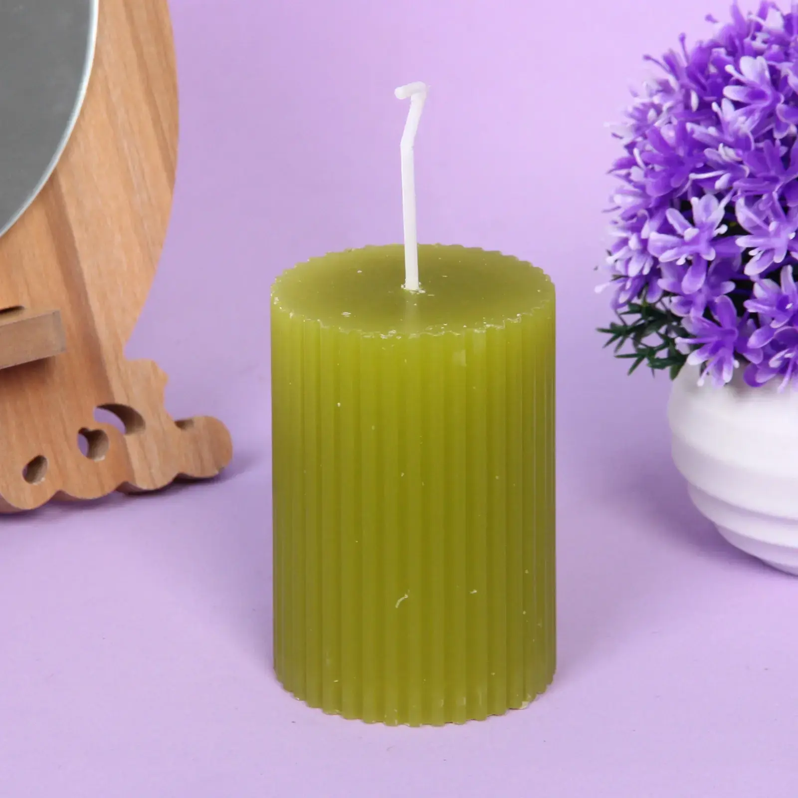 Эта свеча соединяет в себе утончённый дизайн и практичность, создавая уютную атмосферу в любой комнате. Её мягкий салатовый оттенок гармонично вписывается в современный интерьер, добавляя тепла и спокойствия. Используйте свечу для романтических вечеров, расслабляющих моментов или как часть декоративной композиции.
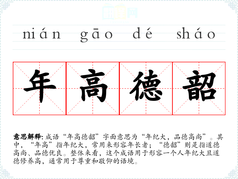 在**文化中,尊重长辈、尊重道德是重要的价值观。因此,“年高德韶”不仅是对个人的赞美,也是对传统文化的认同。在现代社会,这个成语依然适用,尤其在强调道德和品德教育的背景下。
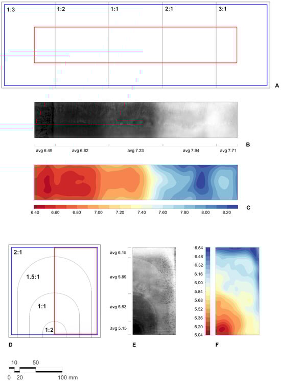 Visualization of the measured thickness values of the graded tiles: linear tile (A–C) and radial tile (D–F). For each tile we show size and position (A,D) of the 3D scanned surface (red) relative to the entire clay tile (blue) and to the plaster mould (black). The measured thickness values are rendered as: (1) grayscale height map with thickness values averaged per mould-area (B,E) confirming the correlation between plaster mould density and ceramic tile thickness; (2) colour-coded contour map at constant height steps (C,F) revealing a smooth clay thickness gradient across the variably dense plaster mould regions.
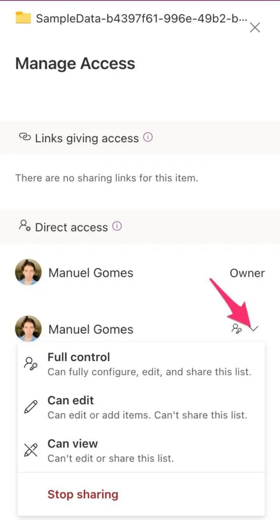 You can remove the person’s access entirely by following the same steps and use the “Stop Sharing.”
● ● ● ●
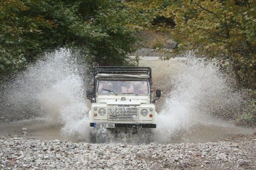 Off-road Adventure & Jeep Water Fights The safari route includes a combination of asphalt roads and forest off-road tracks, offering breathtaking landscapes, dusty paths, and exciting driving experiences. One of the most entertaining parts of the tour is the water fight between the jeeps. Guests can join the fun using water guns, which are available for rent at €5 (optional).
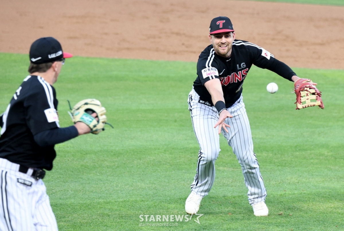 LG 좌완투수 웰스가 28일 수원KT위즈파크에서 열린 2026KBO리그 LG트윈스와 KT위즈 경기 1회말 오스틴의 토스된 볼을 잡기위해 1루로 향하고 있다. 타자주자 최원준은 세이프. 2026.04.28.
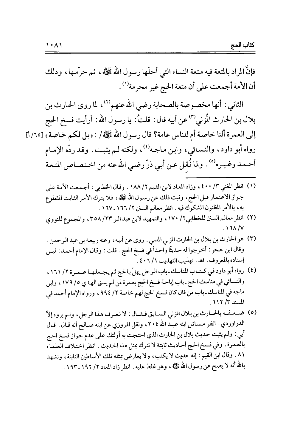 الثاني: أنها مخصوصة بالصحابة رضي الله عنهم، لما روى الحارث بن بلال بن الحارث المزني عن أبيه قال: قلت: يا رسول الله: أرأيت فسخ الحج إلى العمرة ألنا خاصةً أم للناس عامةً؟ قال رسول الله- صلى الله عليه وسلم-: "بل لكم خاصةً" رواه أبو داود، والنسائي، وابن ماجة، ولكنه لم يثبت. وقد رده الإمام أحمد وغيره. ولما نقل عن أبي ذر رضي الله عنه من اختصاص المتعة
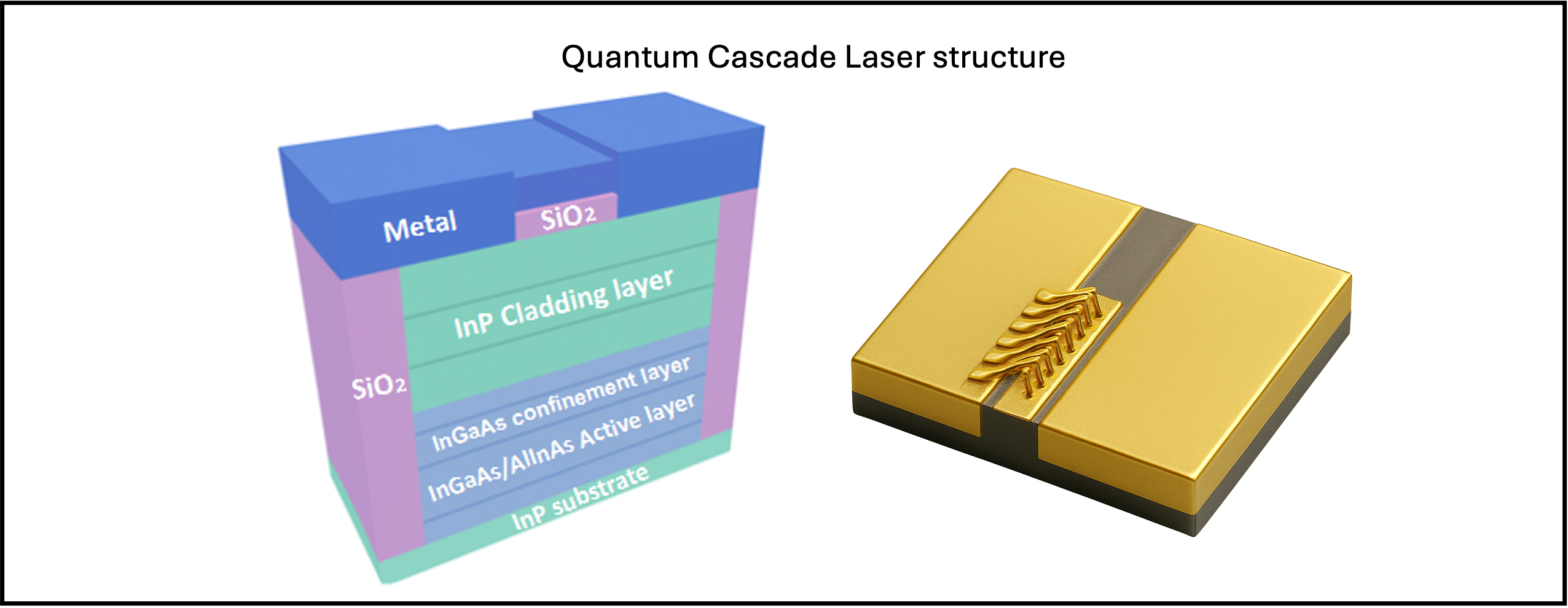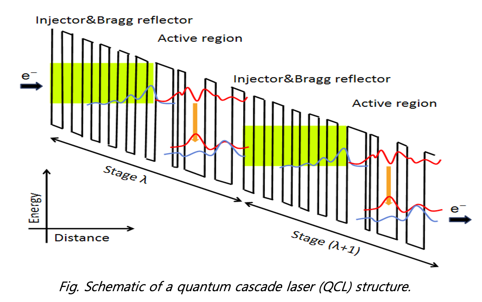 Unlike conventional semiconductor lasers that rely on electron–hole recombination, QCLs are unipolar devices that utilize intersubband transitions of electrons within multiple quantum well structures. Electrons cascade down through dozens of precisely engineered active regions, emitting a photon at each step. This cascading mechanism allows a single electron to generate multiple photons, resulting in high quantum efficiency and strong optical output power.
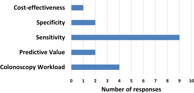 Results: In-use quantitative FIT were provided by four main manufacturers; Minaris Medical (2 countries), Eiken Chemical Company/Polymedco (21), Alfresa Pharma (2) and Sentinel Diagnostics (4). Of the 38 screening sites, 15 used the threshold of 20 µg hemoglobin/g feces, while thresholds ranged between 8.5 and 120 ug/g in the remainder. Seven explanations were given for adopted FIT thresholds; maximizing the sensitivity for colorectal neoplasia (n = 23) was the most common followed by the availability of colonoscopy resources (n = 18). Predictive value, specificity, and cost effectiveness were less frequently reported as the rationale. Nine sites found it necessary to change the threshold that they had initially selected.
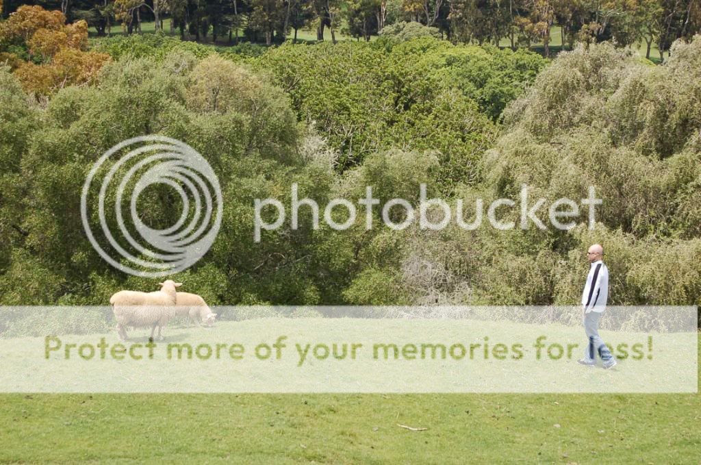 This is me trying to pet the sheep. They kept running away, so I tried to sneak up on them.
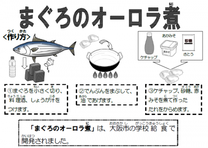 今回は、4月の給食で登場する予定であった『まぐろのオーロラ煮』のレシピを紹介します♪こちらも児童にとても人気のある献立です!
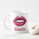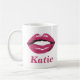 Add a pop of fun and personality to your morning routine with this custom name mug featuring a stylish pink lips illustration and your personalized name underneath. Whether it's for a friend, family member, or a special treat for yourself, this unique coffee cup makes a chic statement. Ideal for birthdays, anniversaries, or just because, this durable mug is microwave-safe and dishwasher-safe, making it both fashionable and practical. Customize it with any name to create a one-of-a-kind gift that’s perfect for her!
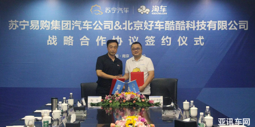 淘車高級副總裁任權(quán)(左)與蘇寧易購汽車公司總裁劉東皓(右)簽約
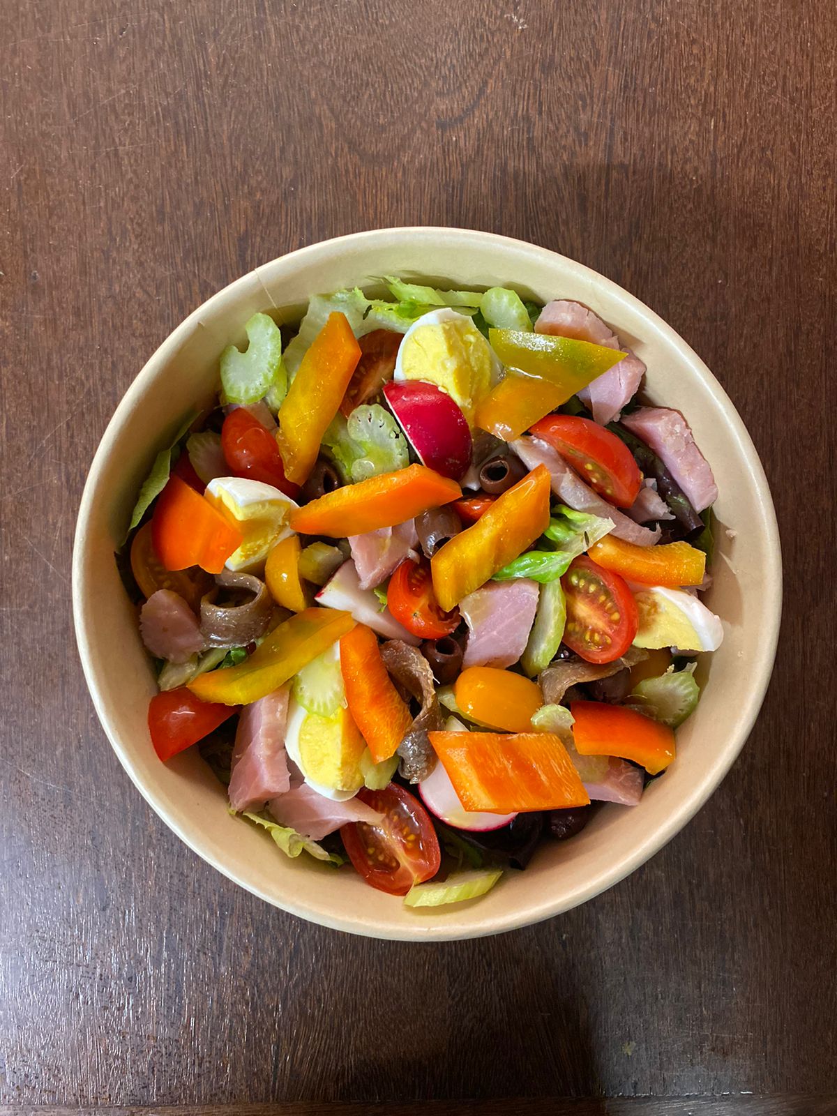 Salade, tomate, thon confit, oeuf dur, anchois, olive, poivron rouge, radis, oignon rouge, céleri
● ● ● ●
■ **Exercise objective**: Repeat exactly the stretch of the listing above that starts with the line holding "This is me trying" and finishes with the line holding "Salade, tomate, thon", both included. Skip every picture.

■ **The completed task**:
 This is me trying to pet the sheep. They kept running away, so I tried to sneak up on them.
 今回は、4月の給食で登場する予定であった『まぐろのオーロラ煮』のレシピを紹介します♪こちらも児童にとても人気のある献立です!
 Add a pop of fun and personality to your morning routine with this custom name mug featuring a stylish pink lips illustration and your personalized name underneath. Whether it's for a friend, family member, or a special treat for yourself, this unique coffee cup makes a chic statement. Ideal for birthdays, anniversaries, or just because, this durable mug is microwave-safe and dishwasher-safe, making it both fashionable and practical. Customize it with any name to create a one-of-a-kind gift that’s perfect for her!
 淘車高級副總裁任權(quán)(左)與蘇寧易購汽車公司總裁劉東皓(右)簽約
 Salade, tomate, thon confit, oeuf dur, anchois, olive, poivron rouge, radis, oignon rouge, céleri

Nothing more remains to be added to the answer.